■ EXERCISE INSTRUCTIONS
Look through the data below and output, unchanged, every line from the one holding "昨年12月に、ダイソーの🌷球" through the one holding "These Oven-Baked Cheesy", inclusive. Skip the pictures.

■ EXCERPTED DATA
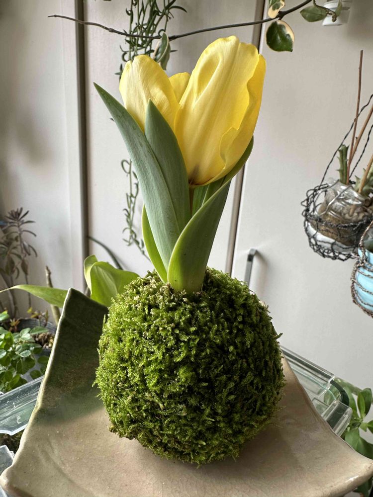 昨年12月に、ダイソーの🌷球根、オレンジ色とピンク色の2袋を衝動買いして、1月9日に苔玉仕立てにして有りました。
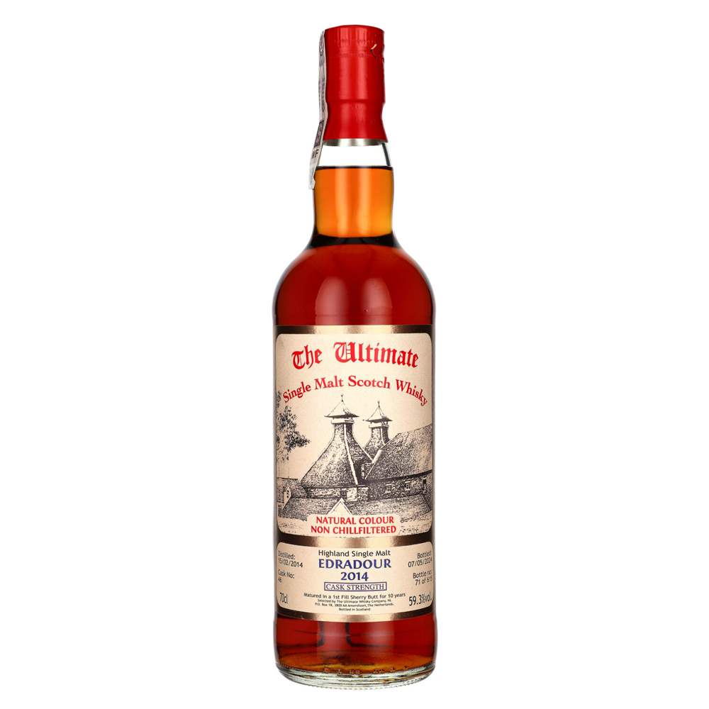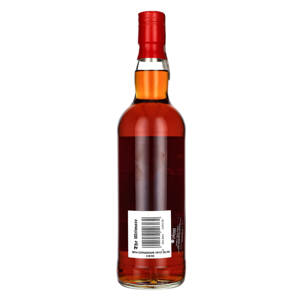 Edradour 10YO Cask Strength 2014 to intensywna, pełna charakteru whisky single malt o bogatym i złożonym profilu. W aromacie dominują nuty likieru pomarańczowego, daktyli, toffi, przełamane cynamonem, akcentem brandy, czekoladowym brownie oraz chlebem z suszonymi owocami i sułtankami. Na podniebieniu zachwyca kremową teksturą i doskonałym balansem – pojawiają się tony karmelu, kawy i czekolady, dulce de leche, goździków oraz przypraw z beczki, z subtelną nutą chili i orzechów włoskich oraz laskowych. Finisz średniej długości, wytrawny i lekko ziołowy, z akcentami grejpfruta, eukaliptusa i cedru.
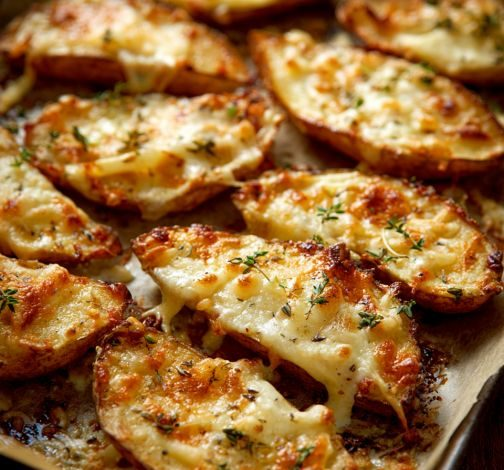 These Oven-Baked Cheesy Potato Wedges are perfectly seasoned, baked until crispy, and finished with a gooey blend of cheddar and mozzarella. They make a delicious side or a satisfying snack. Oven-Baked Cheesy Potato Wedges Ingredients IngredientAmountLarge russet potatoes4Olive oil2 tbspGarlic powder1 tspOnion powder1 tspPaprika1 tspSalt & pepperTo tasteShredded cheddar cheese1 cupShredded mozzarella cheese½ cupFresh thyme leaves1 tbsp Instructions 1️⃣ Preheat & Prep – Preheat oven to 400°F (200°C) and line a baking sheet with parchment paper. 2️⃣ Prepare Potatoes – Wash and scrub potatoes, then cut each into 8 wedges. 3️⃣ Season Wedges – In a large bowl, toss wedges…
* * *
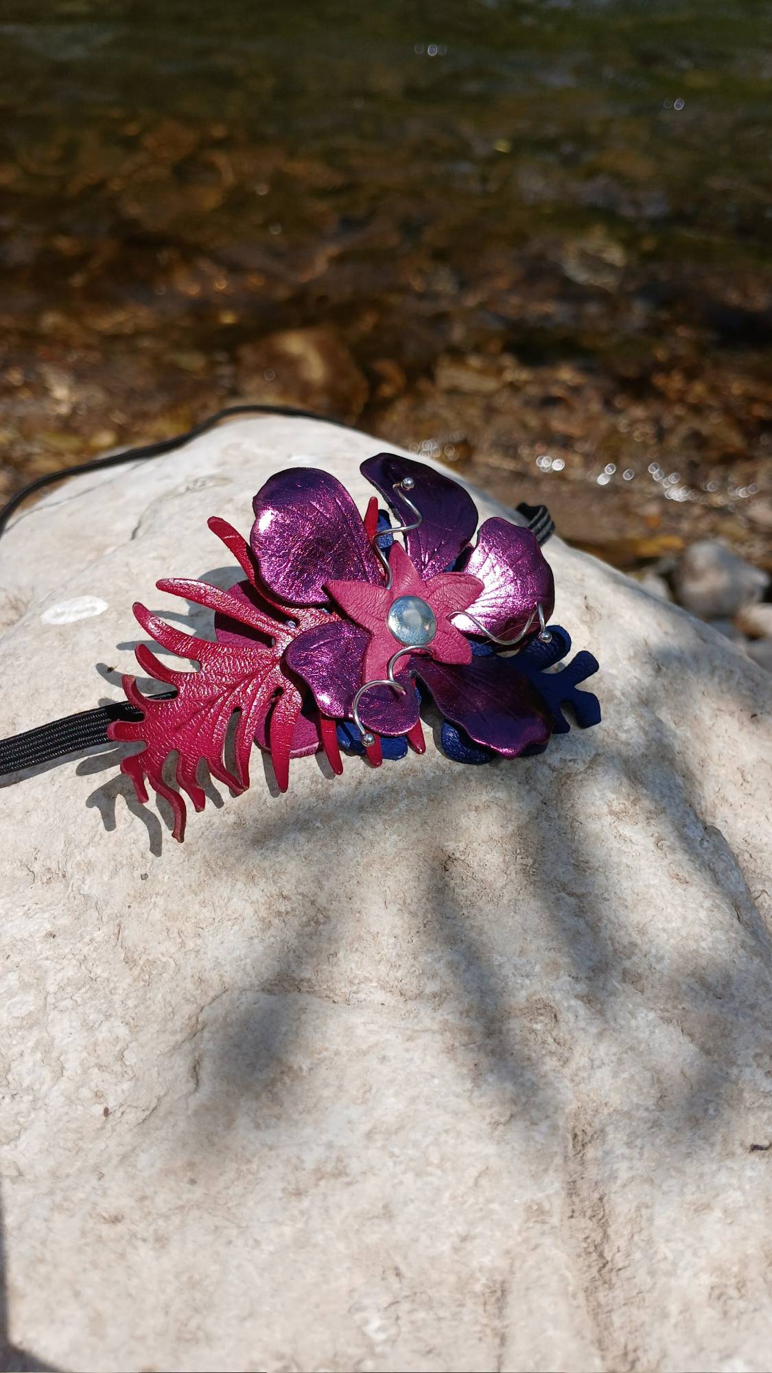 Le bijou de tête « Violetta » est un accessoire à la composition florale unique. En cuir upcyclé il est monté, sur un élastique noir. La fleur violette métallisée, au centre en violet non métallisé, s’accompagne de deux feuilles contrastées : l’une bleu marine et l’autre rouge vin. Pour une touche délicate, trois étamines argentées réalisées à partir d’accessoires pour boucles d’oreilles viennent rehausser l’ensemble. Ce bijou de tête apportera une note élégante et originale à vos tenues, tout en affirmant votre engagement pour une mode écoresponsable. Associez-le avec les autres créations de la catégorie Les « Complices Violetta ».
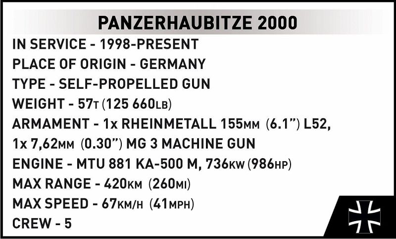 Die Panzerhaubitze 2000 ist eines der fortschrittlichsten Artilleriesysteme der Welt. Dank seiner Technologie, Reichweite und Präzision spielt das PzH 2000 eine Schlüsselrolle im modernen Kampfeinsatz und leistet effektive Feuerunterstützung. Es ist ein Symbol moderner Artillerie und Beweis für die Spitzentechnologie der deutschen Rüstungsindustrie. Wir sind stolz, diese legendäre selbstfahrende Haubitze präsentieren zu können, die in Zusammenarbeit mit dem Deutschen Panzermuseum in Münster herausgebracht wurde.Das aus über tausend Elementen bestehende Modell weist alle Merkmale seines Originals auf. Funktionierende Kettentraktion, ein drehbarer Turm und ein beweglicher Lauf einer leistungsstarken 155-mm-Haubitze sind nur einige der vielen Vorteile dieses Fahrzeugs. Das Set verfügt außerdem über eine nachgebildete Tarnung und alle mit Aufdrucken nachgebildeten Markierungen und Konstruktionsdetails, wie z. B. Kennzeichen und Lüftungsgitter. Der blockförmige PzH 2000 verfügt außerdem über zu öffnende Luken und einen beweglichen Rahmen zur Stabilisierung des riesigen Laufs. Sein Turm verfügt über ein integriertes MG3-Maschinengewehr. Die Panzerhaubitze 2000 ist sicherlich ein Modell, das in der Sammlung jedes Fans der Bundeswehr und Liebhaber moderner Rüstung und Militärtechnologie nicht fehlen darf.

■ REPLY TO THE EXERCISE
 昨年12月に、ダイソーの🌷球根、オレンジ色とピンク色の2袋を衝動買いして、1月9日に苔玉仕立てにして有りました。
 Edradour 10YO Cask Strength 2014 to intensywna, pełna charakteru whisky single malt o bogatym i złożonym profilu. W aromacie dominują nuty likieru pomarańczowego, daktyli, toffi, przełamane cynamonem, akcentem brandy, czekoladowym brownie oraz chlebem z suszonymi owocami i sułtankami. Na podniebieniu zachwyca kremową teksturą i doskonałym balansem – pojawiają się tony karmelu, kawy i czekolady, dulce de leche, goździków oraz przypraw z beczki, z subtelną nutą chili i orzechów włoskich oraz laskowych. Finisz średniej długości, wytrawny i lekko ziołowy, z akcentami grejpfruta, eukaliptusa i cedru.
 These Oven-Baked Cheesy Potato Wedges are perfectly seasoned, baked until crispy, and finished with a gooey blend of cheddar and mozzarella. They make a delicious side or a satisfying snack. Oven-Baked Cheesy Potato Wedges Ingredients IngredientAmountLarge russet potatoes4Olive oil2 tbspGarlic powder1 tspOnion powder1 tspPaprika1 tspSalt & pepperTo tasteShredded cheddar cheese1 cupShredded mozzarella cheese½ cupFresh thyme leaves1 tbsp Instructions 1️⃣ Preheat & Prep – Preheat oven to 400°F (200°C) and line a baking sheet with parchment paper. 2️⃣ Prepare Potatoes – Wash and scrub potatoes, then cut each into 8 wedges. 3️⃣ Season Wedges – In a large bowl, toss wedges…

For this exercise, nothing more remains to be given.